Flicker Definition: (of light or a source of light) shine unsteadily; sometimes bright and
sometimes weak. Gatsby especially is described using the lexical field of light, but also Daisy,
and Tom is described as having “two shining arrogant eyes”. The flicker of men and women
questions their morality. They are shining unsteadily, which suggests they constantly switch
between the role of the scrupulous upper class and their deceitful dual lives; morality is easily
and often lost and restored for sake of reputation. Deceit is hidden when the light (morality)
is at its lowest, as it is harder to seek in the dark. ‘sometimes weak’ suggests that the dip in
morality of the characters is a weakness and the strength of the wealthy is somewhat a
façade. The three characters described in the book using light, are those who hold dark
secrets and are living double lives. The bright could represent the glimmer and metaphorical
light of wealth and class, and the weak could represent the hidden half of Tom, Daisy and
Gatsby’s life, associating with the working class.
, “electric stove”
Light and Electricity
The 1920s were a decade of great technological innovation and circulation
Electricity, especially electric lighting; cars; telephones; the movies and
photography became common currency in American society.

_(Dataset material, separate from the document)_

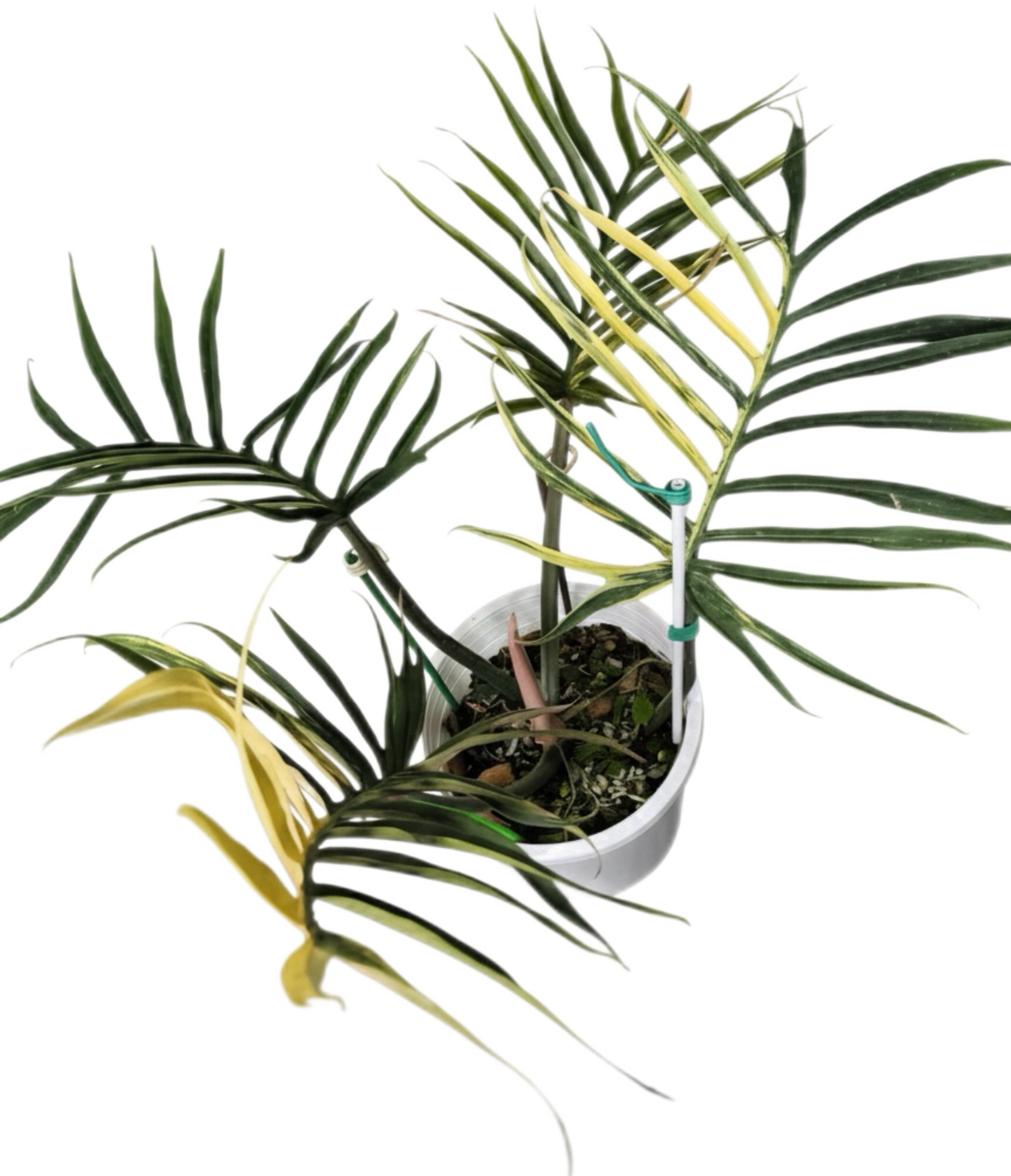 Philodendron Tortum Variegated - Rare collector's specimen featuring deeply divided, feather-like leaves with stunning variegation in yellow-cream and green. Each leaf shows intricate finger-like divisions characteristic of Tortum, enhanced by the unique variegation pattern. A highly sought-after variety combining the dramatic skeletal form with beautiful color variation.

Fitzgerald's precise details of light and colour eg Electric light creates a strange,
Edward Hopper-esque urban lyricism and poetic effect:
‘Sometimes a shadow moved against a dressing-room blind above, gave way to another
shadow, an indefinite procession of shadows, that rouged and powdered in an invisible
glass’
Stylistically, the text itself is 'lit' by a succession of bright, jewel-like sentences
and phrases
blazing lights- brazenly new, but reaching back into fairytale
Fitzgerald's New York is bright, even blazing, and structured around the height of
Gatsby's mansion or advertising billboards or Manhattan's buildings. It is a
delicious confection: 'the city rising up across the river in white heaps
and sugar lumps’
The novel will develop a contrast between the 'natural' and the 'artificial' through
lighting effects.
Gatsby's meeting with Daisy in Chapter 5 is poetically organised around an
interplay between real and artificial light:
When Nick returns, Daisy and Gatsby have had their chat. 'He literally glowed; without a
word or a gesture of exultation a new wellbeing radiated from him and filled the little
room.'
And when it stops raining, Gatsby 'smiled like a weather man, like an ecstatic patron of
recurrent light' (p. 57).
On the next page Gatsby declares: ' "My house looks well, doesn't it? . . . See how the
whole front of it catches the light" ' (p. 58).
Meanwhile, the buttons on Daisy's dress 'gleamed in the sunlight' (p. 58).
The key question about Jay Gatsby is here being posed poetically. Is Gatsby a
natural being, a genuine bringer of sunshine? Or is the light he brings to Daisy
(and Nick) artificial -a lighting effect produced by money rather than personality?